93.7. Pour l’application des articles 93.1 et 93.2, un demandeur ou un titulaire de permis insatisfait d’une décision portant sur l’application de la notion de personne liée peut demander le réexamen de la décision, par écrit, dans les sept jours de sa notification.
2014, c. 8, a. 2.
93.8. Le ministre désigne les personnes chargées de réexaminer les décisions portant sur l’application de la notion de personne liée. Ces personnes doivent relever d’une autorité administrative distincte de celle de la personne qui a pris la décision dont le réexamen est demandé.
2014, c. 8, a. 2.
93.9. Après avoir donné à la personne l’occasion de présenter ses observations et, s’il y a lieu, de produire des documents pour compléter son dossier, la personne chargée du réexamen décide sur dossier. Elle peut alors confirmer, infirmer ou modifier la décision qui fait l’objet du réexamen.
2014, c. 8, a. 2.
93.10. La demande de réexamen doit être traitée avec diligence. La décision doit être rendue dans les 15 jours de la réception de la demande ou, le cas échéant, du délai requis par le demandeur pour présenter ses observations ou pour produire des documents.
2014, c. 8, a. 2.
93.11. La décision en réexamen doit être écrite en termes clairs et concis, motivée et notifiée à la personne qui a demandé le réexamen.
2014, c. 8, a. 2.
94. Le ministre peut, après consultation du comité consultatif concerné et constitué en vertu de l’article 103.5, réaffecter des places réparties à un demandeur ou à un titulaire de permis qui ne les rend pas disponibles ou un bureau coordonnateur qui ne les répartit pas dans le délai qu’il détermine.

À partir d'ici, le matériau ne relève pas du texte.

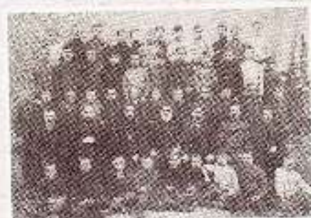
Первый выпуск Воронцово-Александровской ремесленной школы (около 1902 г.)

Le ministre peut réaffecter une place répartie à un titulaire de permis si la place accordée devient inoccupée.
Le bureau coordonnateur peut réaffecter une place répartie à une personne responsable d’un service de garde en milieu familial si elle devient inoccupée ou si l’offre de service de la responsable ne respecte plus l’entente de subvention intervenue.

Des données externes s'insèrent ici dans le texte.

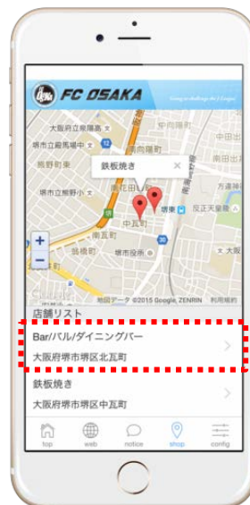
協力店の店舗リスト一覧を 確認できます。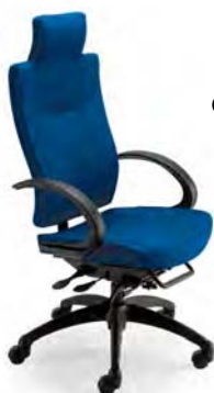
L9003 A : 20 1/2" C : 17 - 21" E : 29"

2005, c. 47, a. 94; 2010, c. 39, a. 11; 2017, c. 31, a. 14.
94.1. Le demandeur d’un permis de garderie, qui est une personne morale et qui a obtenu l’autorisation du ministre pour développer des places dont les services de garde sont subventionnés, ne peut conclure, sauf pour des motifs exceptionnels et avec l’autorisation du ministre, une entente concernant la vente ou le transfert, en tout ou en partie, de ses actions à un nouvel actionnaire ou concernant sa fusion, sa consolidation ou son regroupement avec une autre personne morale avant la délivrance de son permis.
La personne qui agit pour un tiers ou une personne morale avant qu’elle ne soit constituée ne peut obtenir l’autorisation du ministre pour développer des places dont les services de garde sont subventionnés.
2010, c. 39, a. 12.
94.2. Lors de la répartition ou de la réaffectation des nouvelles places dont les services de garde sont subventionnés, le ministre rend publiques les recommandations fournies par les comités consultatifs constitués en vertu de l’article 103.5.

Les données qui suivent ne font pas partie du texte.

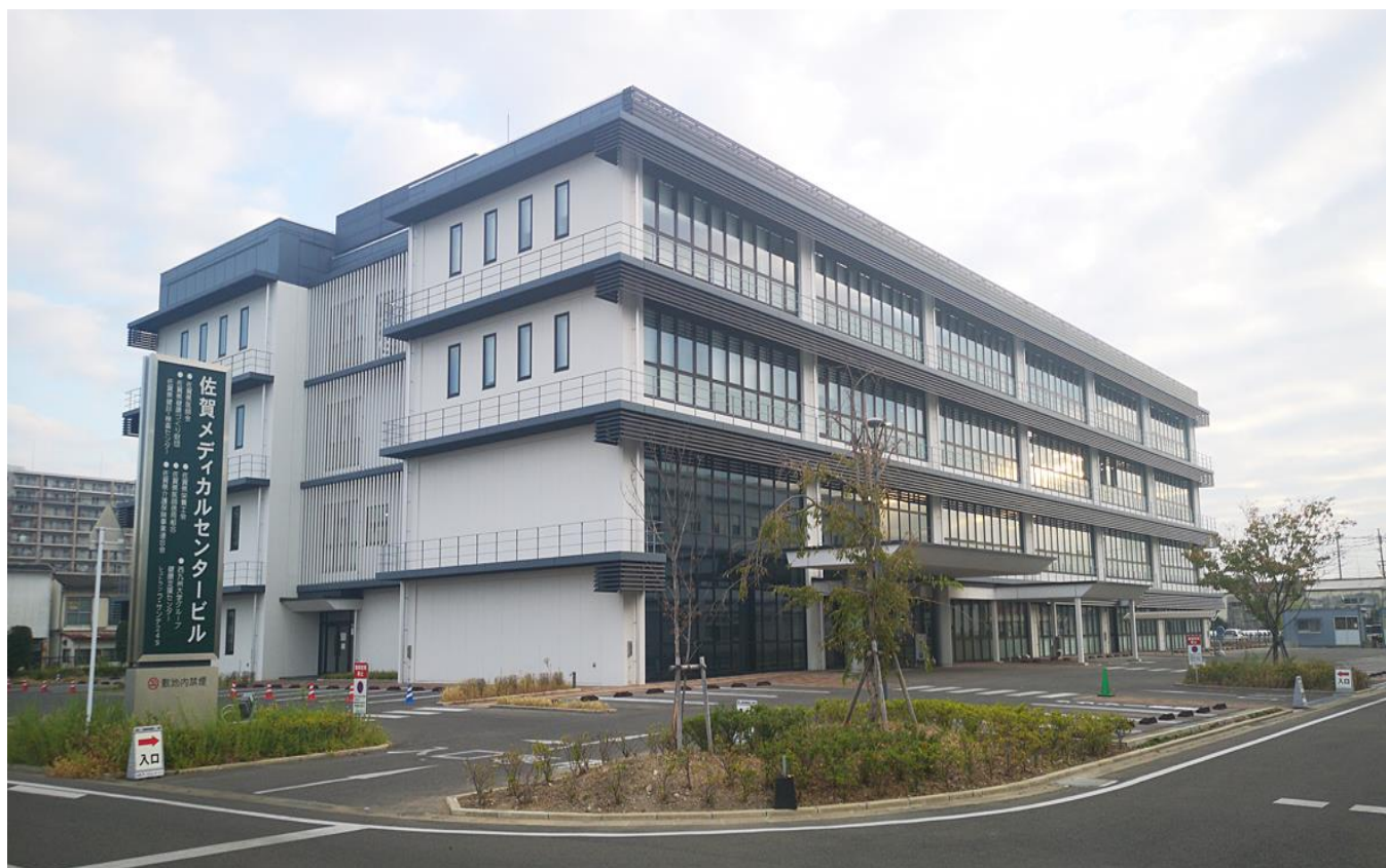
佐賀メディカルセンタービル

2010, c. 39, a. 13; 2017, c. 31, a. 15.
95. Le prestataire de services qui s’est vu octroyer un nombre de places inférieur au nombre maximal d’enfants qu’il peut recevoir, ne peut combler la différence qu’en recevant des enfants qui occuperont des places déjà octroyées ou qu’en recevant des enfants qui ne remplissent pas les conditions prévues au deuxième alinéa de l’article 90.
2005, c. 47, a. 95.
96. Le ministre peut verser au bureau coordonnateur une subvention octroyée à la personne qu’il a reconnue.
Le bureau coordonnateur doit la remettre à son bénéficiaire dans les 15 jours suivant la prestation des services de garde.
2005, c. 47, a. 96.
97. Le ministre peut annuler ou diminuer la subvention consentie ou suspendre, en tout ou en partie, son versement si son bénéficiaire:
1°  la reçoit sans droit;
1.1°  fait une fausse déclaration ou dénature un fait important lors de sa demande de places dont les services de garde sont subventionnés ou lors de la conclusion d’une entente de subvention;
2°  refuse ou néglige de se conformer à l’entente de subvention;
2.1°  refuse ou néglige d’aviser le ministre de tout changement dans sa situation qui est de nature à remettre en cause son droit à une subvention en vertu de la loi ou de l’entente de subvention intervenue avec lui;
2.2°  refuse ou néglige de fournir au ministre un document ou un renseignement qu’il requiert en vertu de l’article 93.6;
3°  refuse ou néglige de se conformer aux dispositions des articles 57 à 65;
4°  refuse ou néglige de payer au ministre une somme qui lui est due en application de la présente loi;
5°  pose un geste incompatible avec les règles de saine gestion applicables à un organisme qui reçoit une subvention sur fonds publics ou l’utilise à des fins autres que celles pour lesquelles elle a été accordée;
6°  produit un rapport financier contenant une réserve ou un motif de récusation et que, de l’avis du ministre, la situation nécessite un redressement;
7°  contrevient aux dispositions des articles 86 et 86.1;
8°  refuse ou néglige d’établir un plan de redressement visé à l’article 98 ou de s’y conformer;
9°  refuse ou néglige de se conformer aux dispositions de l’article 90.1 ou d’une directive donnée par le ministre en vertu de cet article.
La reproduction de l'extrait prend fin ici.